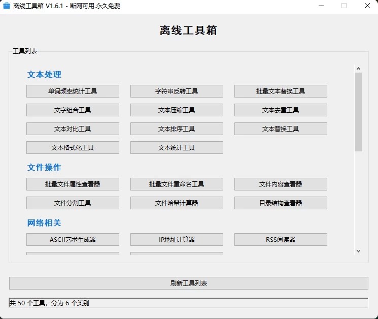 而这款工具箱的设计理念就是”断网可用”,所有功能都集成在本地,无需联网即可正常运行。
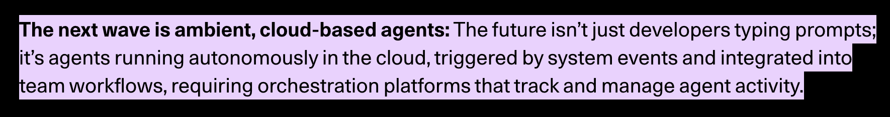 Unlike local or IDE-based agents, cloud agents can operate continuously and reactively, even long after a PR has merged. They're most useful for repetitive work, when they aren't tied to a single coding session, when it affects a team. (You can learn more about them in our Cloud Agents Taxonomy Guide.)
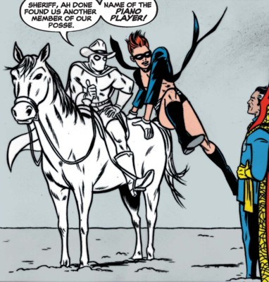 (Avengers I#141 - BTS) <1873> - When Immortus and the Avengers Thor and Moondragon materialized to 1873, the Phantom Rider, Kid Colt, Rawhide Kid, Ringo Kid and Two-Gun Kid confronted them.
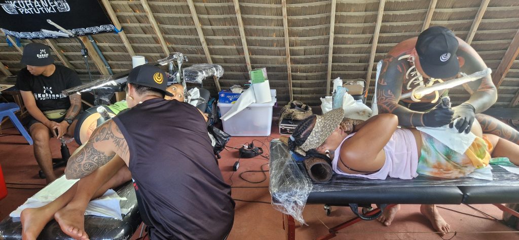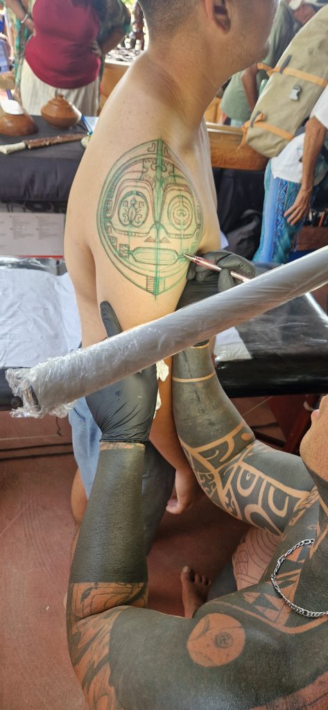 Nein, die Tätowierer hier benutzen nicht mehr die traditionellen Werkzeuge wie Hammer und „Kamm“, sondern arbeiten genauso elektrisch und professionell wie die Tätowierer bei uns zu Hause. Nur mit dem Unterschied, daß hier halt die Motive ganz anders sind und wenn man ganz korrekte Körperkunst tragen will: für jeden Körperteil gibt es ein bestimmtes Motiv, je nach Insel oder Archipel. So hat auch jedes Zeichen seine Bedeutung und manche sind wirklich nur den Einheimischen vorbehalten und man würde die als Tourist wohl nicht bekommen. Und es sind großflächige schwarze Flächen vorhanden, auch im Gesicht. Mehrfach wurde wir, als wir sagten, daß wir aus Deutschland sind, gefragt, ob wir einen Jo Steiner kennen würden. Dieser Deutsche hat wohl vor langer Zeit als Erster die polynesischen Zeichen und Malereien “übersetzt“ und in einem Buch zusammengetragen. Dieses Buch bzw. seine Erkenntnisse werden hier von allen Tätowierern und anderen Künstlern als Nachschlagewerk benutzt. Leider habe ich hierzu bei Onkel Google nichts gefunden. Wir haben jedoch auf Fatu Hiva so ein Originalbuch ansehen dürfen, das schon sehr zerfleddert war.  Falls hier irgendjemand etwas dazu finden sollte, bitte gebt mir diese Info weiter.
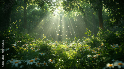 © Alleuy, Fototapeta premium Sunlit forest pathway with flowers
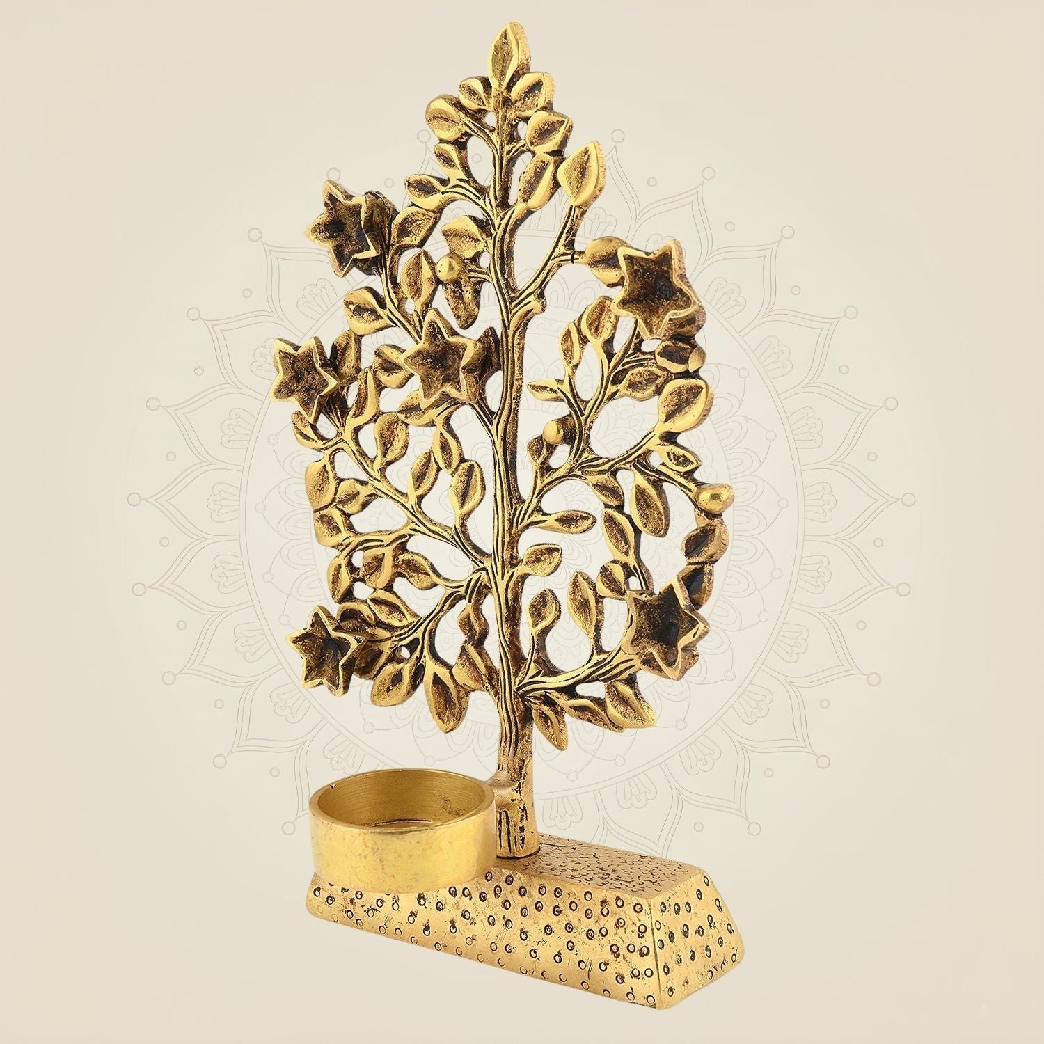 9.5" Pure Brass Tree of Life with Diya – Handcrafted Spiritual Decor
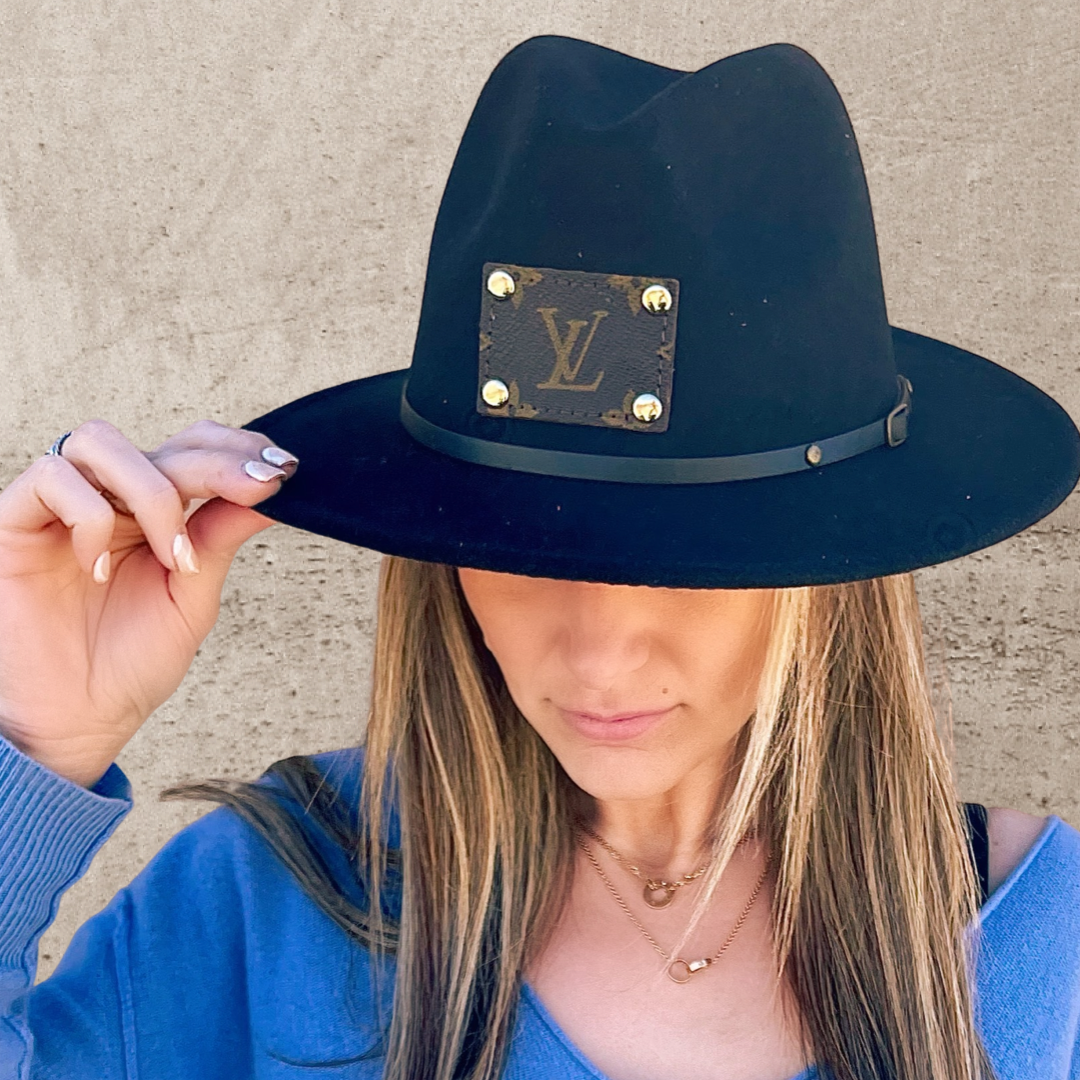 Our Reno upcycled LV hat is a staple for your closet and a must have to dress up any outfit. Re-purposed with a 100% authentic LV stitched patch backed with genuine leather and braded on with solid brass brads.
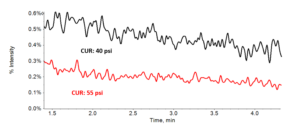 In addition to the DP or Q0D parameter, it is important to optimize the curtain gas (CUR), measured in psi. Curtain gas is a flow of nitrogen, which is blown out of the orifice of the system to reduce system contamination. Higher values can reduce background and improve LOQ values. Figure 2 highlights this reduction.
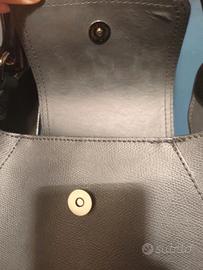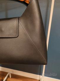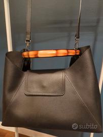 Borsa nera, capiente, 35 x 27, con tracolla e manico rigido, artigianale. Nuovissima, mai usata. Possibile ritiro a mano (a Milano o a Cernusco)
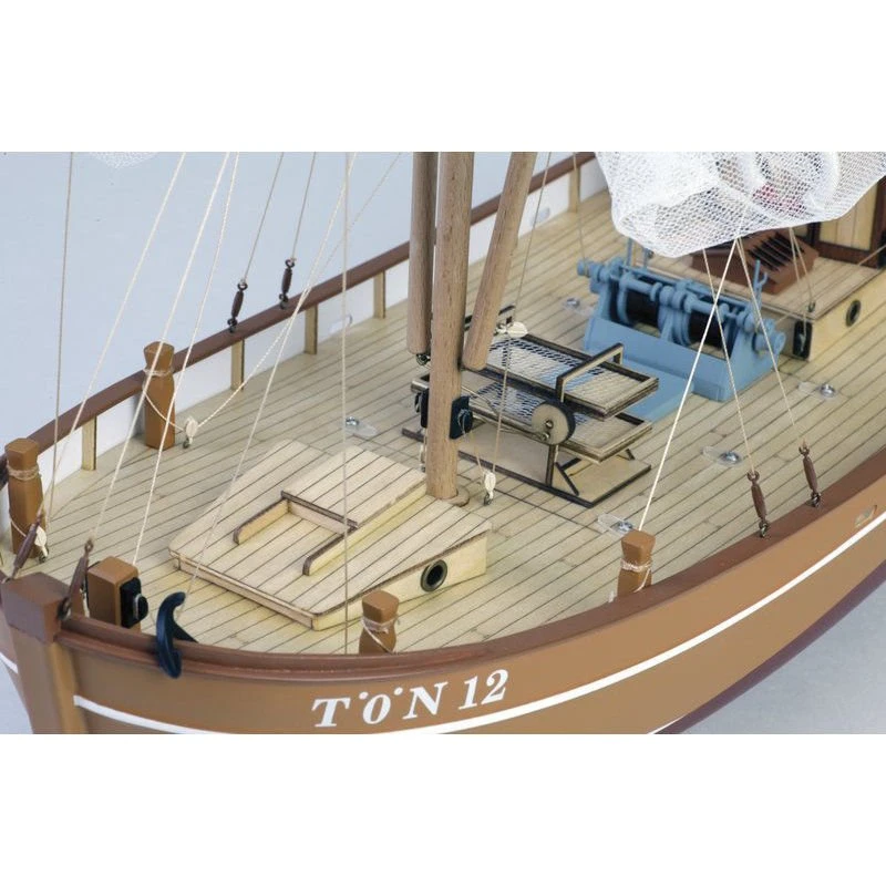 The Graupner crab-fishing cutter TÖN 12 KRABBE is a fishing vessel mainly operated in the North Sea. It is specifically designed for fishing crabs and carries a special type of purpose-designed rigging for the job. The large fishing nets are carried by two outrigger booms, heaved up almost to the mast during the run to the fishing grounds.

* * * * * * * * *

> [Instructions to follow]
Make an exact copy of the records from their first line through the line containing "pathway with flowers", both ends included, with the pictures omitted.

> [Answer to the exercise]
 而这款工具箱的设计理念就是”断网可用”,所有功能都集成在本地,无需联网即可正常运行。
 Unlike local or IDE-based agents, cloud agents can operate continuously and reactively, even long after a PR has merged. They're most useful for repetitive work, when they aren't tied to a single coding session, when it affects a team. (You can learn more about them in our Cloud Agents Taxonomy Guide.)
 (Avengers I#141 - BTS) <1873> - When Immortus and the Avengers Thor and Moondragon materialized to 1873, the Phantom Rider, Kid Colt, Rawhide Kid, Ringo Kid and Two-Gun Kid confronted them.
 Nein, die Tätowierer hier benutzen nicht mehr die traditionellen Werkzeuge wie Hammer und „Kamm“, sondern arbeiten genauso elektrisch und professionell wie die Tätowierer bei uns zu Hause. Nur mit dem Unterschied, daß hier halt die Motive ganz anders sind und wenn man ganz korrekte Körperkunst tragen will: für jeden Körperteil gibt es ein bestimmtes Motiv, je nach Insel oder Archipel. So hat auch jedes Zeichen seine Bedeutung und manche sind wirklich nur den Einheimischen vorbehalten und man würde die als Tourist wohl nicht bekommen. Und es sind großflächige schwarze Flächen vorhanden, auch im Gesicht. Mehrfach wurde wir, als wir sagten, daß wir aus Deutschland sind, gefragt, ob wir einen Jo Steiner kennen würden. Dieser Deutsche hat wohl vor langer Zeit als Erster die polynesischen Zeichen und Malereien “übersetzt“ und in einem Buch zusammengetragen. Dieses Buch bzw. seine Erkenntnisse werden hier von allen Tätowierern und anderen Künstlern als Nachschlagewerk benutzt. Leider habe ich hierzu bei Onkel Google nichts gefunden. Wir haben jedoch auf Fatu Hiva so ein Originalbuch ansehen dürfen, das schon sehr zerfleddert war.  Falls hier irgendjemand etwas dazu finden sollte, bitte gebt mir diese Info weiter.
 © Alleuy, Fototapeta premium Sunlit forest pathway with flowers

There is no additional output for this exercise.